* Assigned task *
Pictures are to be left out, and only the lines below starting at the one with "Ne confondez pas" and ending at the one with "Mumbai-based Organic Recycling" are to be reproduced, each exactly, both ends included.

* Exercise data *
★ ★ ★
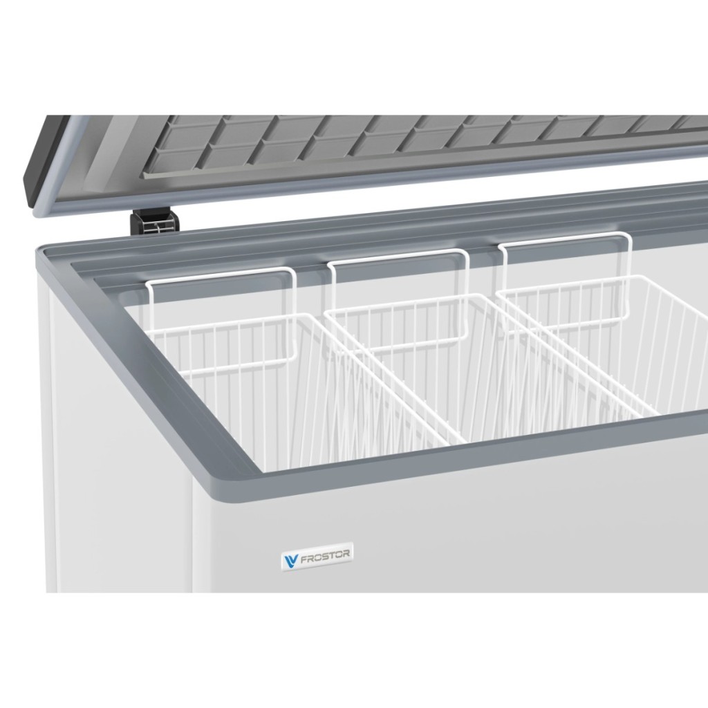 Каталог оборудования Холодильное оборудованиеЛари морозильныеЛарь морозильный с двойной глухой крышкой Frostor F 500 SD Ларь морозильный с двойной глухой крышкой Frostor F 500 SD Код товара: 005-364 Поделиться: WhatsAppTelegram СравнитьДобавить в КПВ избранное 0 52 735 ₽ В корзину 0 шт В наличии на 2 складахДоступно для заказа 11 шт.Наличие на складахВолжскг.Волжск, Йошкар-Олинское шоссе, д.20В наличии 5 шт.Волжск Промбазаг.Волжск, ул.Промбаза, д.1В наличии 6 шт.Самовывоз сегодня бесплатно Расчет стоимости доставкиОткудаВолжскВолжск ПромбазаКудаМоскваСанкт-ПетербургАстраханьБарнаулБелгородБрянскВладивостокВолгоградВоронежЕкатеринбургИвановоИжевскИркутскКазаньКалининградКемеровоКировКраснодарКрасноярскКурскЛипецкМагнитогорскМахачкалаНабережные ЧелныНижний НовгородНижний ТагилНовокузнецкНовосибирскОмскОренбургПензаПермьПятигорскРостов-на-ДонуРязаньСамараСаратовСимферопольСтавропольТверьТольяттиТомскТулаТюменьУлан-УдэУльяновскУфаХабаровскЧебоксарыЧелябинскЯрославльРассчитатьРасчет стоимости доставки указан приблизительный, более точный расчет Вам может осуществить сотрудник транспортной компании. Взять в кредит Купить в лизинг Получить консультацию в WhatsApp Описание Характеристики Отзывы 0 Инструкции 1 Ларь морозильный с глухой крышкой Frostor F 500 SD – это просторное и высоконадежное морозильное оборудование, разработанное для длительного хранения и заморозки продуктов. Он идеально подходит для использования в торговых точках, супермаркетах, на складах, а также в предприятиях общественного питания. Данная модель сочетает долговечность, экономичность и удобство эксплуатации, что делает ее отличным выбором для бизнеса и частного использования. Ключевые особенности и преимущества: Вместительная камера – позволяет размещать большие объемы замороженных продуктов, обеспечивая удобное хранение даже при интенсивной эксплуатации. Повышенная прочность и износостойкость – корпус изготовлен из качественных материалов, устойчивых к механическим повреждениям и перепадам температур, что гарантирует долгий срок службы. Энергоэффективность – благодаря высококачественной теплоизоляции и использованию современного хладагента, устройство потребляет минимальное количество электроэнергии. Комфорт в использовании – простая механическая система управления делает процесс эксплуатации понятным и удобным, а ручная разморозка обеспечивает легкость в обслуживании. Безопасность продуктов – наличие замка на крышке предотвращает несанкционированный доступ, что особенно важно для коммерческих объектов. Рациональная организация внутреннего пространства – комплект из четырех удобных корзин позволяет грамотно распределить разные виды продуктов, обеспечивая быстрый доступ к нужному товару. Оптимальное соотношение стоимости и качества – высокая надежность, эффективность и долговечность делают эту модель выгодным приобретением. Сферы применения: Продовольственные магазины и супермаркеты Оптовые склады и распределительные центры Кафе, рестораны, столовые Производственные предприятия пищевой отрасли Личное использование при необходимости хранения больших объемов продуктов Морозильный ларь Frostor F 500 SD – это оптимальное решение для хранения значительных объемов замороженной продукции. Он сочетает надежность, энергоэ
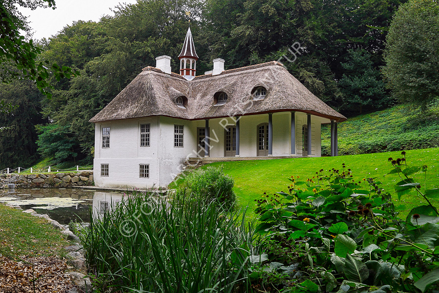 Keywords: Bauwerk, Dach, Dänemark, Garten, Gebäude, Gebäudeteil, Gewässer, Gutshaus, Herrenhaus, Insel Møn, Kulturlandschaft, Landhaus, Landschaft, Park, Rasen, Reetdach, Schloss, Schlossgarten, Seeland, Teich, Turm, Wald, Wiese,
★ ★ ★
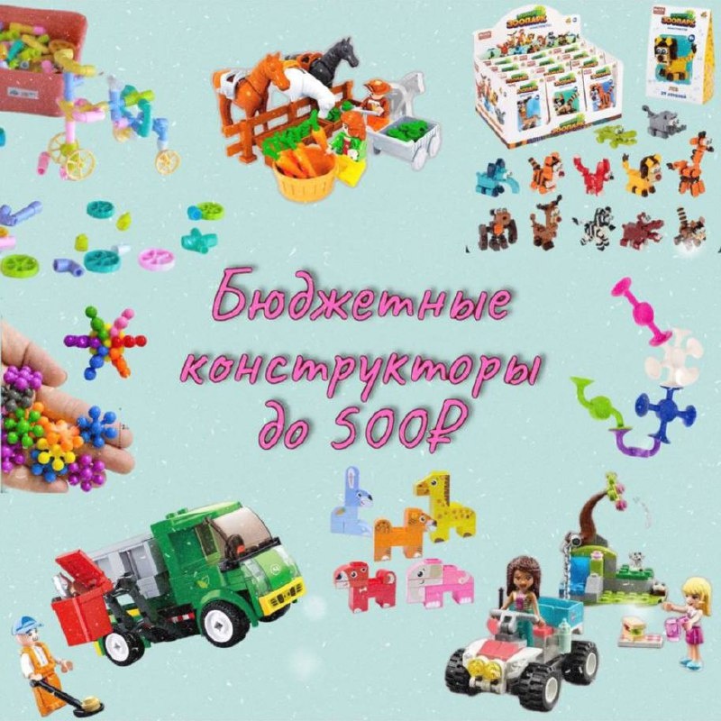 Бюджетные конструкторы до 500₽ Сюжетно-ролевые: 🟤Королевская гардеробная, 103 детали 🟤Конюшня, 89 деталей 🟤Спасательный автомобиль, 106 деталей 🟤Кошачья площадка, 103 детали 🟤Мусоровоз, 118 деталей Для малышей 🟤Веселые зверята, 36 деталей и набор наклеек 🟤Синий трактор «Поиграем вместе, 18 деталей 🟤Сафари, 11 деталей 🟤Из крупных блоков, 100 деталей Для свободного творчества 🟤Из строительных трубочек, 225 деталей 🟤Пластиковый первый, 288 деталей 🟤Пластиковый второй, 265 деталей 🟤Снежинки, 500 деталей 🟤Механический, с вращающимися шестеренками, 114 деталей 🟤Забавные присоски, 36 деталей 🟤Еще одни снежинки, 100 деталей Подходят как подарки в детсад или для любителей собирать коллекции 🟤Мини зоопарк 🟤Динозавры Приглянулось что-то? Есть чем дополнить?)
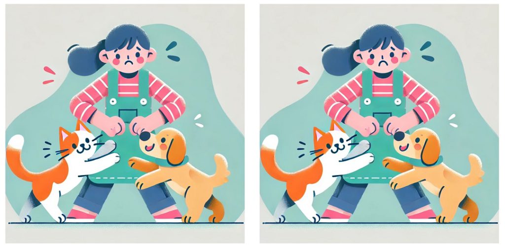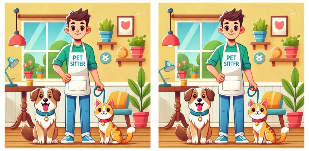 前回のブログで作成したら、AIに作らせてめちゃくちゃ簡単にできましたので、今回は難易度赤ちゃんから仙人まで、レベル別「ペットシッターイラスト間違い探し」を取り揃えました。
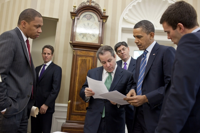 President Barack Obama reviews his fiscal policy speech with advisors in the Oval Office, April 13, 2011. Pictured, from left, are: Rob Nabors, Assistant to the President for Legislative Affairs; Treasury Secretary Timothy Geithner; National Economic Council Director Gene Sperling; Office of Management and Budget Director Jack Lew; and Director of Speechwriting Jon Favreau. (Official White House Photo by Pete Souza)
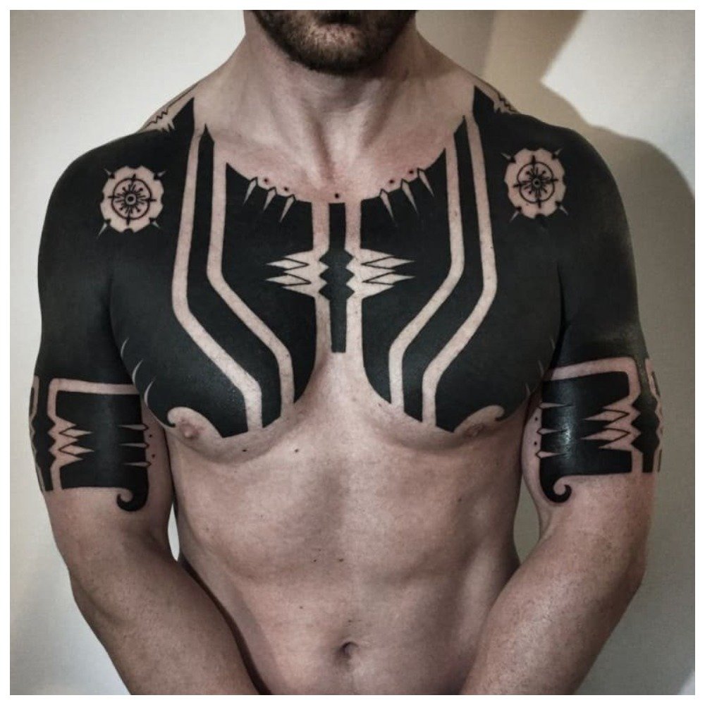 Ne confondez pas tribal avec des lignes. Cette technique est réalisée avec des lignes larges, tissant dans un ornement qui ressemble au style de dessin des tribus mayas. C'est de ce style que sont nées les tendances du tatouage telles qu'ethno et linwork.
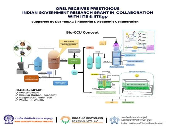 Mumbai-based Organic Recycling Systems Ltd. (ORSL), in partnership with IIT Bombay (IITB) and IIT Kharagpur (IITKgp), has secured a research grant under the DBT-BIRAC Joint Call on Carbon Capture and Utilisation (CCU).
★ ★ ★
* Result of the task *
 Ne confondez pas tribal avec des lignes. Cette technique est réalisée avec des lignes larges, tissant dans un ornement qui ressemble au style de dessin des tribus mayas. C'est de ce style que sont nées les tendances du tatouage telles qu'ethno et linwork.
 Mumbai-based Organic Recycling Systems Ltd. (ORSL), in partnership with IIT Bombay (IITB) and IIT Kharagpur (IITKgp), has secured a research grant under the DBT-BIRAC Joint Call on Carbon Capture and Utilisation (CCU).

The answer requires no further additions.